Nevertheless, a drawback for that approach is that the 3 dimensions of the data they processed are holding anisotropic spacings between each neighboring voxels, which results in a deformation to the real shape of nodules. Though their model can adapt to the common deformations on LUNA16 dataset, it can not fit other datas with different spacing proportions. To attain spacing robustness, we propose a multi-level isotropic model, where the scales of receptive fields for the 3 CNNs are respectively: \(20\times 20\times 20\), \(30\times 30\times 30\) and \(40\times 40\times 40\) voxels.

2.4 Supervoxel classification: multi-level framework

The main structure of our multi-level 3D CNNs framework are shown in Fig. 3, where each network has four convolutional layers. Both CNN-20 and CNN-30 contain one fully-connected layer, while the CNN-40 with larger receptive field contains 2 fully-connected layers. Batch normalization (Ioffe and Szegedy 2015) layers are inserted after each hidden layer to ensure a higher learning rate and reduce overfitting, with dropout layers (Hinton et al. 2012) appended to further reduce the performance of overfitting.

Fig. 3
figure 3

The supervoxel classification framework. 3 CNNs with different scales of receptive fields are proposed to analyse a given supervoxel in cooperation. All the 3 networks have four convolutional layers, each layer with M kernels of size \(N\times N\times N\) is denoted as \(M@N\times N\times N\). After the last hidden layer of each network, there’s a fully connected layer appended by a softmax layer to finally produce a probability of nodule or non-nodule classification, and a fusion technique is proceeded to combine their features and produce an integrate classifying result

Each of the 3 architectures outputs a 2-D classifying prediction to nodule or non-nodule from the last softmax layer and a 512-D feature vector from the last hidden layer, then their outputs should be combined into a single classifying result for the original given supervoxel. We used two data fusion techniques, namely committee-fusion (Van Ginneken et al. 2015) and late-fusion (Prasoon et al. 2013). In committee-fusion, the predictions output by each softmax layer of the 3 architectures are combined into a single probability with weighed averaging or a specific product rule (Van Ginneken et al. 2015). While for late-fusion, the 3 features from the last hidden layer of the CNNs are concatenated into an integral feature vector and sent to a fully-connected layer to produce the result of probability.

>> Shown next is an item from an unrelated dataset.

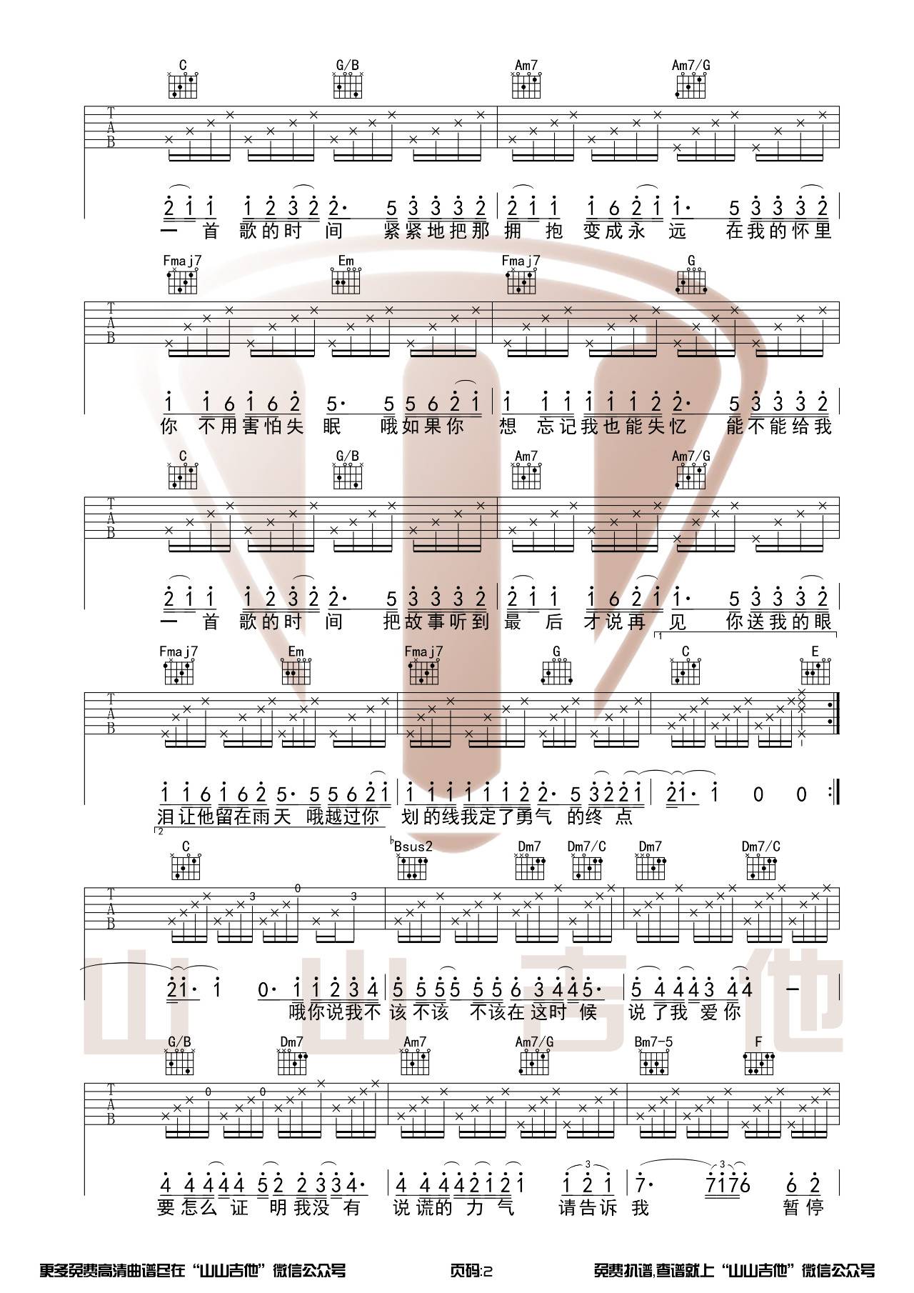 《周杰伦《给我一首歌的时间吉他谱》(C调)》内容来自于互联网,不能保证内容的准确性与完整性,仅供学习交流欣赏,请勿用于其它用途,内容版权归原作者及来源网站所有,如有侵犯到您的权益请来信告知,我们将及时删除。

2.5 Prediction combination

After supervoxel classification, the supervoxels within nodules are meant to be entirely found out, then their corresponding voxels are combined into estimated nodules with 18-connected seed dispersal, and therefore produce the nodule segmentation result. For detection task, accurate coordinates within CT scans should be generated, so we calculated the center of the estimated nodules by averaging their inner voxel coordinates. Both detection and segmentation are proceeded by an integrate framework, with simply supervoxel techniques together with classifiers to implement works of other state-of-the-art approaches with separate complicated frameworks.

2.6 Training

The CNNs need training process to learn features of inputs with various contextual information. We trained the 3 CNNs with a combined dataset of LUNA16 and another vast patient series provided by Shanghai Pulmonary Hospital (SPH) in China. The nodules’ annotations are used to make positive training samples. For LUNA16 provided a set of candidate locations for every CT scan, we utilized them to produce our negative training samples. For each nodule or non-nodule location, we extracted 3 cubic volumes centering at the given coordinate, with scales respectively corresponding to the receptive fields of the 3 architectures, then these labeled local volumes are sent to CNNs for training.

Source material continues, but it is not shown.